DATA TO USE

☆ ☆ ☆ ☆

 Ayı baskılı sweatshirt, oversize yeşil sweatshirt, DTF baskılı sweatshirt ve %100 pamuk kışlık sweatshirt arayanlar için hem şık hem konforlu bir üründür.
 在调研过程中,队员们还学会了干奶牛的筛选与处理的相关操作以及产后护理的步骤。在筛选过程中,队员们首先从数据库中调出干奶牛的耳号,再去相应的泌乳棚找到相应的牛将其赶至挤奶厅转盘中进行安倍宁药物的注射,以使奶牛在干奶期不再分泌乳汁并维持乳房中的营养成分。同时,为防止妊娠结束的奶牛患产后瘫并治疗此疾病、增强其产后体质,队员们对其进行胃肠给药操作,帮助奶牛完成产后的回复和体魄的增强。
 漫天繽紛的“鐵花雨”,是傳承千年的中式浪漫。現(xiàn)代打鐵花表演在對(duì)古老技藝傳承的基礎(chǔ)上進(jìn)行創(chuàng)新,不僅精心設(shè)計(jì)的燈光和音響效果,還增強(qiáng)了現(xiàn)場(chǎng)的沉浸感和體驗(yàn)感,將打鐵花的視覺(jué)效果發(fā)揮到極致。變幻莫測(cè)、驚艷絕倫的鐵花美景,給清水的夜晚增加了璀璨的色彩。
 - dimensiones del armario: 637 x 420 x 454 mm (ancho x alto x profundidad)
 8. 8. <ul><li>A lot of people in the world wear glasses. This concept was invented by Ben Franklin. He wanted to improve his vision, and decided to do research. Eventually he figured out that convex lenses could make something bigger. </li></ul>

☆ ☆ ☆ ☆

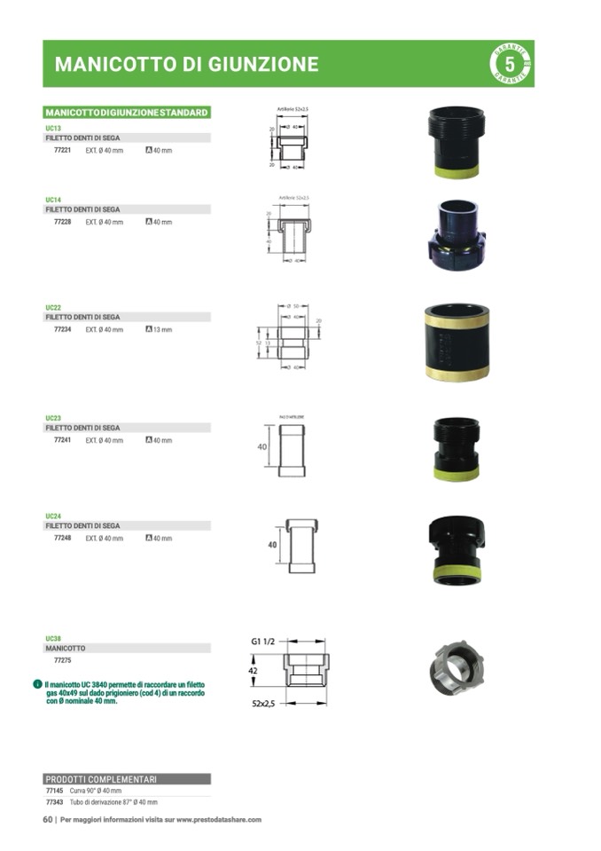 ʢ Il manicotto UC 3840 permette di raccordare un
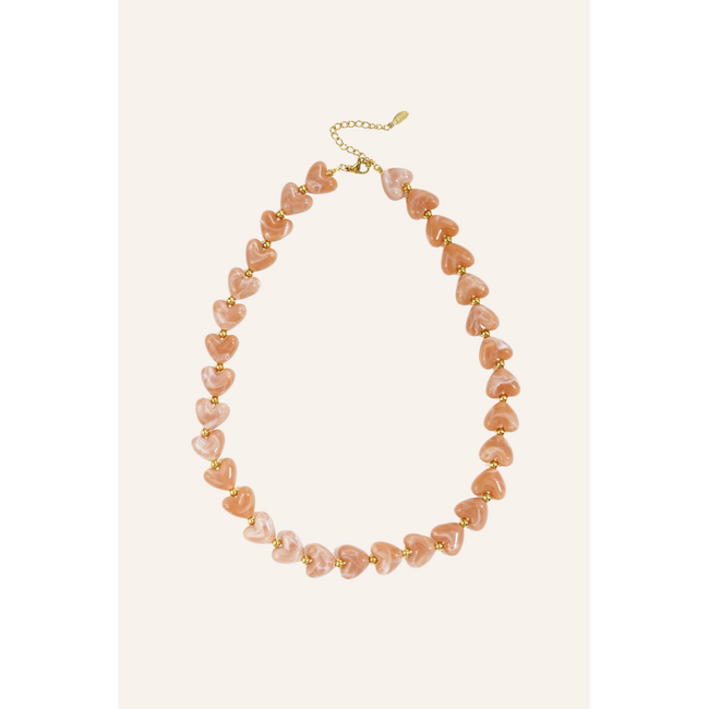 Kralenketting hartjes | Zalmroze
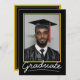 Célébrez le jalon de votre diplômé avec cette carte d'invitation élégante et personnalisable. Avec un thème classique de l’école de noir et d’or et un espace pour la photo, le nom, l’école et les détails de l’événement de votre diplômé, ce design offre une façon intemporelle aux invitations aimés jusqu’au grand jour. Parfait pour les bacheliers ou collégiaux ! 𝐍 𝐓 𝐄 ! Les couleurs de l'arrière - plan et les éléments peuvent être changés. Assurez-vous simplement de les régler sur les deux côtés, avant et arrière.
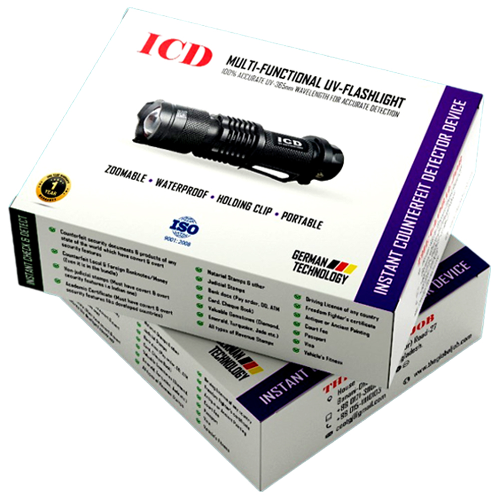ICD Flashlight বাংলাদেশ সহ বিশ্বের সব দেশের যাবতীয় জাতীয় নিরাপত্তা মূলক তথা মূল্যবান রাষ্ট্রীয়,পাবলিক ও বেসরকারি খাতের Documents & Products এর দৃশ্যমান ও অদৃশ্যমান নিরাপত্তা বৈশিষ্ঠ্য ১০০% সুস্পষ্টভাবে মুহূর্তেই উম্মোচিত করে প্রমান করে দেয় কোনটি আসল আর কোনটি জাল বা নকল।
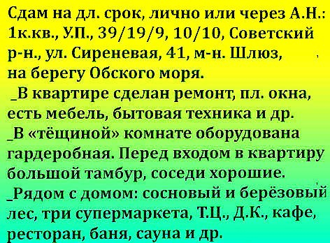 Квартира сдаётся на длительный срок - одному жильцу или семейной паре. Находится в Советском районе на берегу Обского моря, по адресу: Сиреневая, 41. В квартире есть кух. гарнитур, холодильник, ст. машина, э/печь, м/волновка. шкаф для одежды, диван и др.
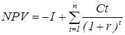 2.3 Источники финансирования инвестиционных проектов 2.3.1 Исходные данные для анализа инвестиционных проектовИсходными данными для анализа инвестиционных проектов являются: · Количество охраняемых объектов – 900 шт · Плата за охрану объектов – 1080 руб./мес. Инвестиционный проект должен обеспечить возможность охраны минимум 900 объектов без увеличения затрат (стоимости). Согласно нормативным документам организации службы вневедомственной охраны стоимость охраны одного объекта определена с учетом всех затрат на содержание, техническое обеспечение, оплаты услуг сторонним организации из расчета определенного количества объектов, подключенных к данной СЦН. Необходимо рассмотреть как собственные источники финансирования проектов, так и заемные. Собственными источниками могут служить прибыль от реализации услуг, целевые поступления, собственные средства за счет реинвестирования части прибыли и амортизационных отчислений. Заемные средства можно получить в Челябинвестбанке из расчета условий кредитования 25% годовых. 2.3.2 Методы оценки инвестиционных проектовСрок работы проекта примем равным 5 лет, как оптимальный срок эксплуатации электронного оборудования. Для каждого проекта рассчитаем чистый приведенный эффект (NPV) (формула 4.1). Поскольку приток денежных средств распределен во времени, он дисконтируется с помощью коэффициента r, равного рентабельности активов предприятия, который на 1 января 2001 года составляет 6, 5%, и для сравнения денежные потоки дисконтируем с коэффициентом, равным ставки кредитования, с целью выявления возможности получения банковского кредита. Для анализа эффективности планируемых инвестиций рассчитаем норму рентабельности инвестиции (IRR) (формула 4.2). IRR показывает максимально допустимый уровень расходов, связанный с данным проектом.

☆ ☆ ☆ ☆

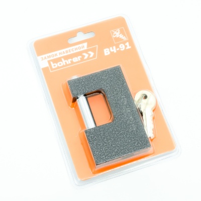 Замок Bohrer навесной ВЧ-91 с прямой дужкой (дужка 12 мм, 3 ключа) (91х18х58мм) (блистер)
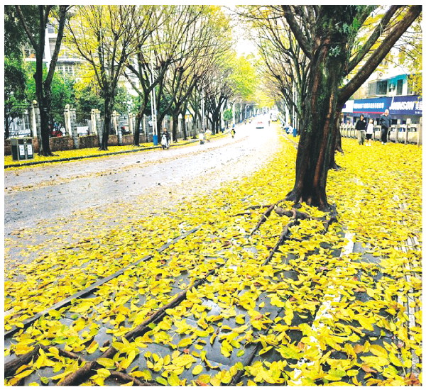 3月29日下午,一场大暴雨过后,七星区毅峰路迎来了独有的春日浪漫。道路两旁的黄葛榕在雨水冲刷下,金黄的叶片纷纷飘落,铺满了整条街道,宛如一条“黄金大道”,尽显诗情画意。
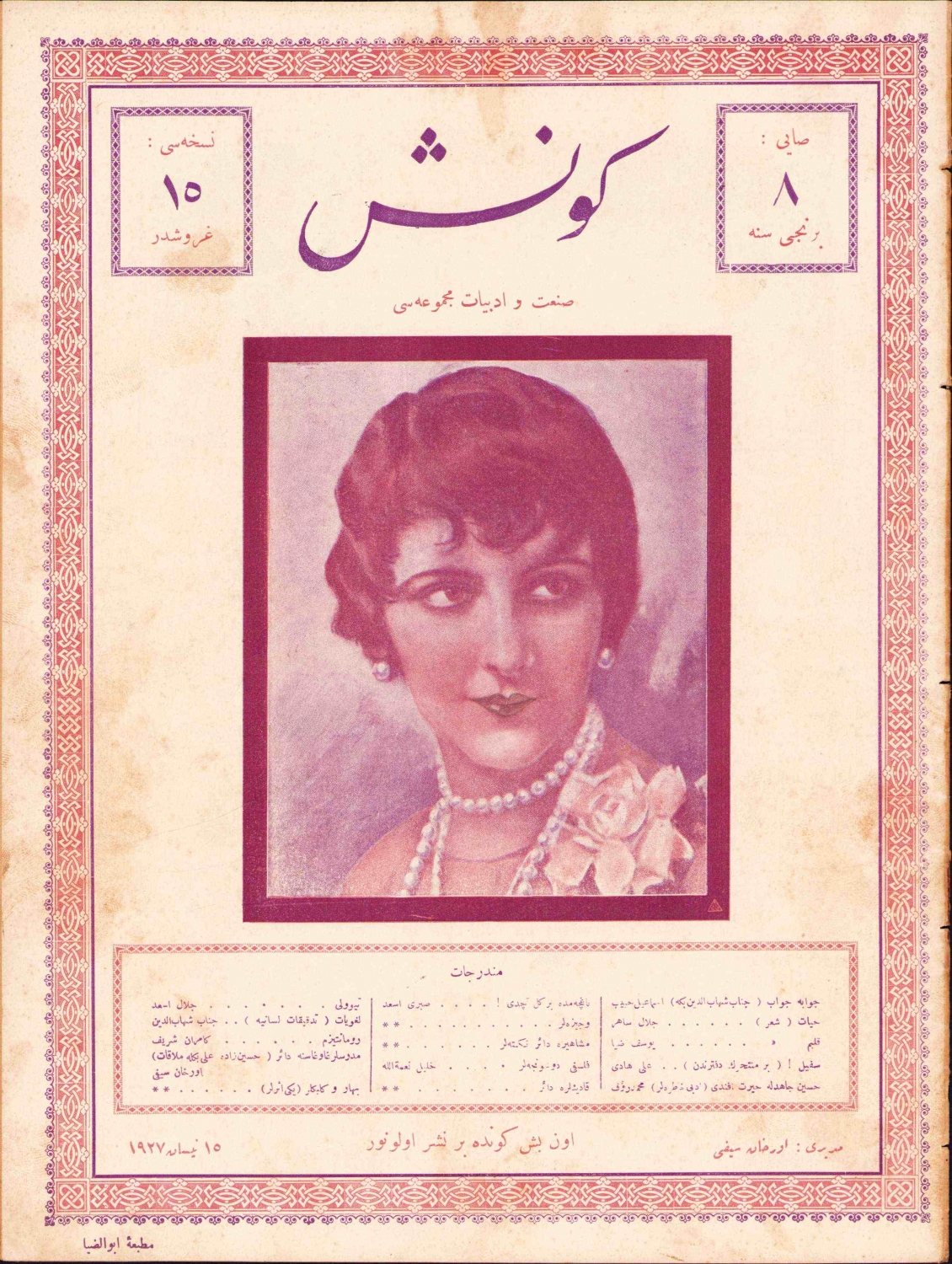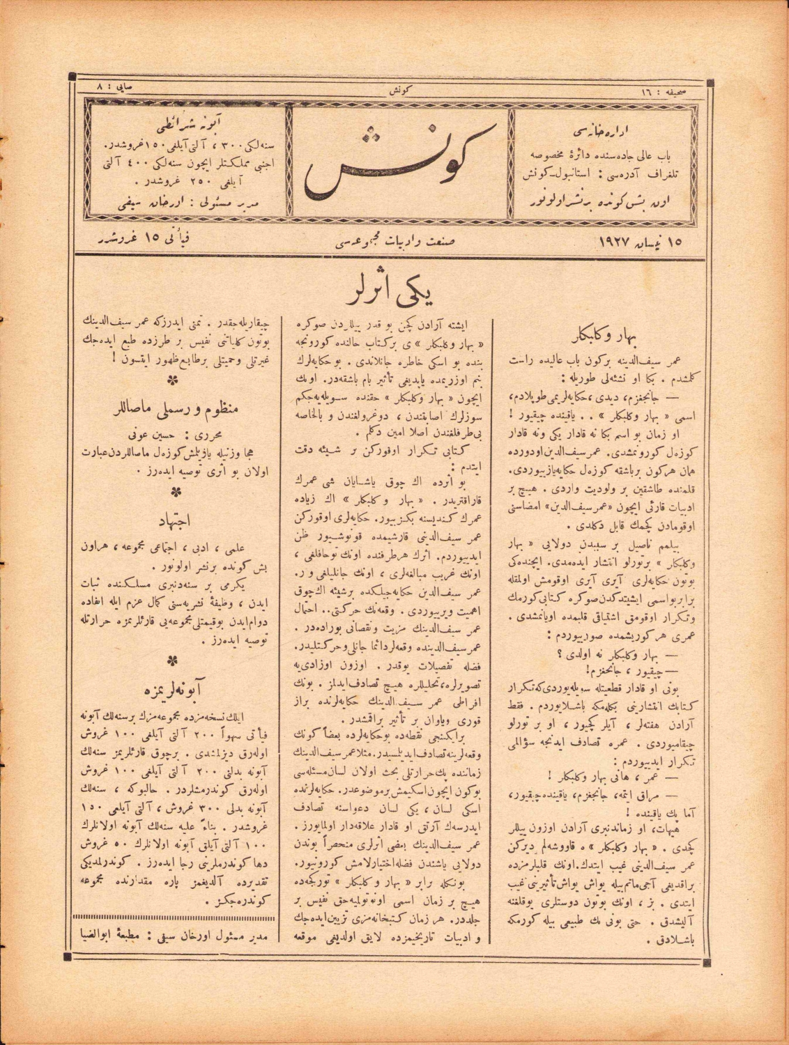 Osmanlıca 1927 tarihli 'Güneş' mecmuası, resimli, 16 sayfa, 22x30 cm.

☆ ☆ ☆ ☆

WORK REQUIRED
Your task is to transcribe, with no changes, only the lines of the listing above that lie between the line holding "Ayı baskılı sweatshirt, oversize" and the line holding "8. 8. <ul><li>A", inclusive.

ANSWER AREA
 Ayı baskılı sweatshirt, oversize yeşil sweatshirt, DTF baskılı sweatshirt ve %100 pamuk kışlık sweatshirt arayanlar için hem şık hem konforlu bir üründür.
 在调研过程中,队员们还学会了干奶牛的筛选与处理的相关操作以及产后护理的步骤。在筛选过程中,队员们首先从数据库中调出干奶牛的耳号,再去相应的泌乳棚找到相应的牛将其赶至挤奶厅转盘中进行安倍宁药物的注射,以使奶牛在干奶期不再分泌乳汁并维持乳房中的营养成分。同时,为防止妊娠结束的奶牛患产后瘫并治疗此疾病、增强其产后体质,队员们对其进行胃肠给药操作,帮助奶牛完成产后的回复和体魄的增强。
 漫天繽紛的“鐵花雨”,是傳承千年的中式浪漫。現(xiàn)代打鐵花表演在對(duì)古老技藝傳承的基礎(chǔ)上進(jìn)行創(chuàng)新,不僅精心設(shè)計(jì)的燈光和音響效果,還增強(qiáng)了現(xiàn)場(chǎng)的沉浸感和體驗(yàn)感,將打鐵花的視覺(jué)效果發(fā)揮到極致。變幻莫測(cè)、驚艷絕倫的鐵花美景,給清水的夜晚增加了璀璨的色彩。
 - dimensiones del armario: 637 x 420 x 454 mm (ancho x alto x profundidad)
 8. 8. <ul><li>A lot of people in the world wear glasses. This concept was invented by Ben Franklin. He wanted to improve his vision, and decided to do research. Eventually he figured out that convex lenses could make something bigger. </li></ul>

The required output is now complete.